SPADnet is a sensor platform for the detection and processing of gamma photons generated in a PET system. SPADnet uses the novel technique of deferred coincidence detection, whereas timestamps associated with gamma events and their energy are routed at high speed (up to 3.3 million events per second) over a 2Gbps network, along with synchronization information. In this work, we describe SPADnet's key building block, a tile of SPADnet-I chips. SPADnet-I is a 50 mm2, 8x16 pixel digital SiPM where each pixel includes an array of 720 SPADs and the logic to count photons and record their arrival time. A fill factor of 42.9% is achieved. A distributed adder provides the number of photons detected throughout the whole array every 10 ns. On-chip triggering logic monitors this value in real time to discriminate gamma events from dark counts. The chip features a 10.8% energy resolution and a CRT of 288ps when coupled to a 3x3x10 mm3 LYSO crystal. High spatial resolution is obtained by combining the data generated by each pixel to efficiently locate the gamma absorption in the 2D space even when coupled to large arrays of crystal needles as small as 1.12x1.12mm2. The tile is built on a 5x5 array of SPADnet-I sensors.

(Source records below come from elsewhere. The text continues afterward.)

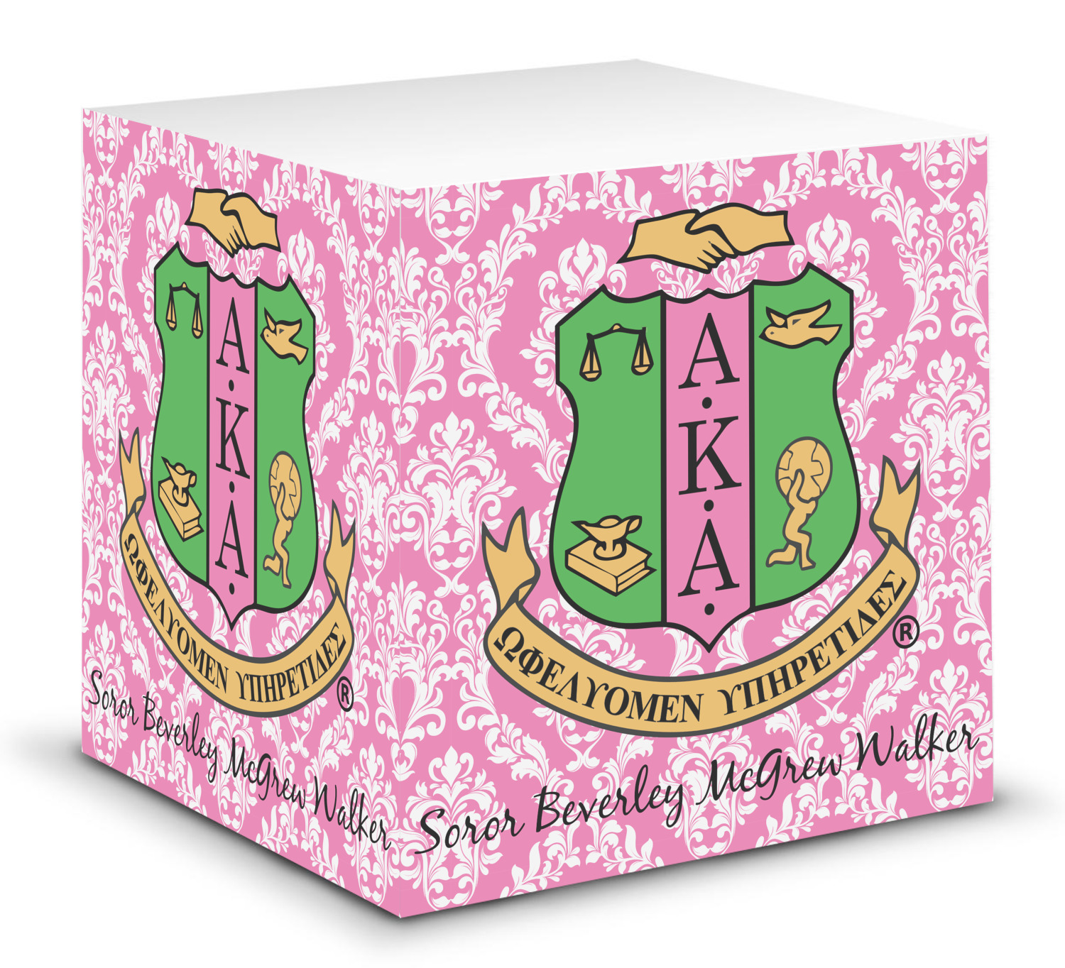 This note cube features 700 sheets of matte, white paper. Each sheet measures at 3.5 by 3.5 inches and has an adhesive strip at its top. Your personalized design is displayed on all four edges of the sticky pad.
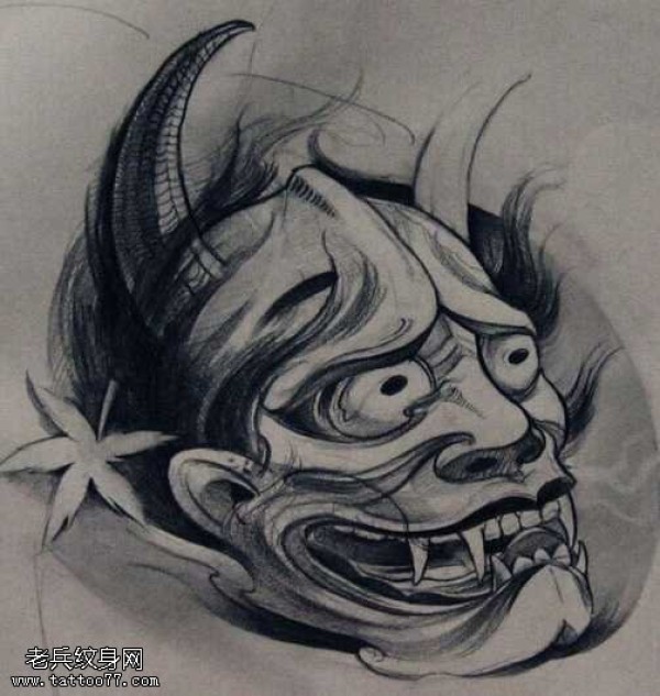 能面万媚纹身手稿_52张日式能剧面具纹身手稿图案素材欣赏
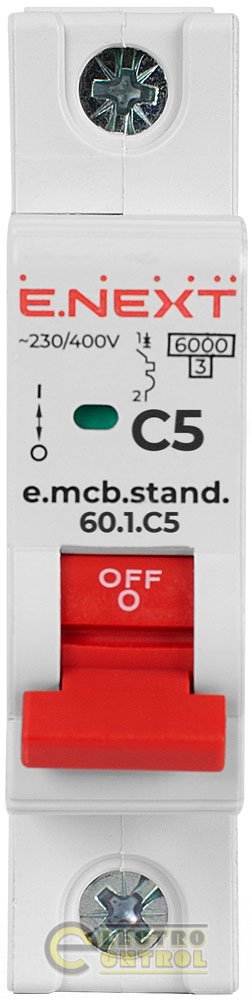 Для промислових і побутових застосувань можуть бути використані модульні автоматичні вимикачі Enext. Вони можуть захищати ланцюги змінного струму напругою від перевантаження та коротких замикань (струмів короткої дії), також мають можливість оперативного вмикання/вимикання їх на об'єктах будь-якої площі. Вимикач Enext серій - e.mcb.stand.60 спроектований для роботи з номінальними струмами до 6кА, категорія спрацьовування: C, число полюсів: однополюсний 1р артикул: s002105, здатність відключення: 6кА
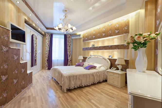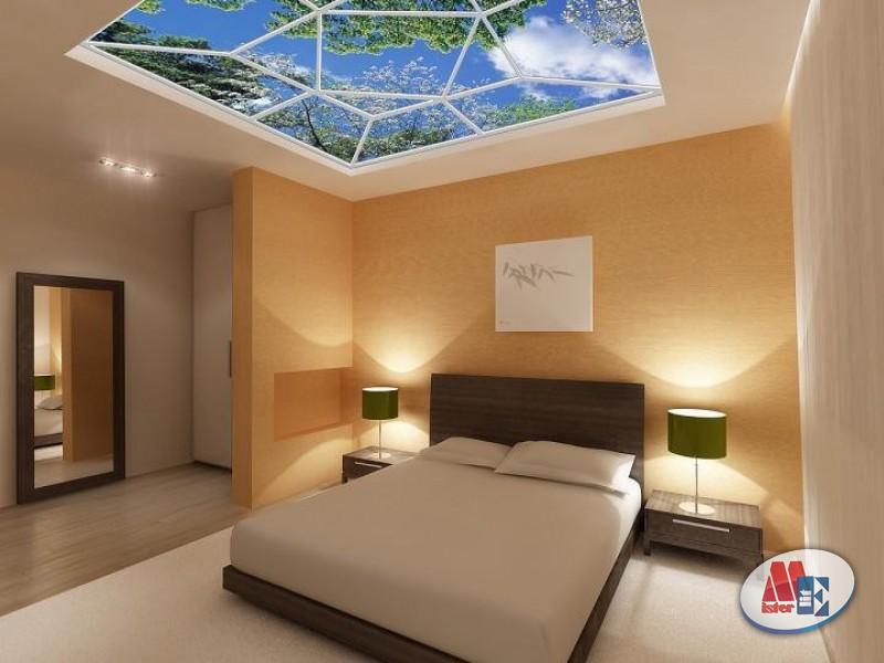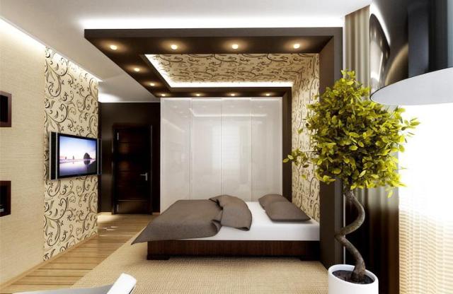 Abgehängte Decken sind in mehrere Typen unterteilt. Für das Schlafzimmer gibt es vier Arten:

A Xilinx Spartan6 FPGA controls the whole module and monitors the gamma activity across the 25 sensors. Here, the large amount of data generated for each detected gamma is processed in real time to extract energy, position and time-of-arrival. Pile-up detection and energy windowing are applied to the events, which are then fed to a network of tiles for coincidence detection. A centralized snooper recognizes coincidence pairs while thermal, Compton, and single events are discarded. The system is inherently scalable, as it enables single- or multi-rings of photonic modules for potentially large PET systems.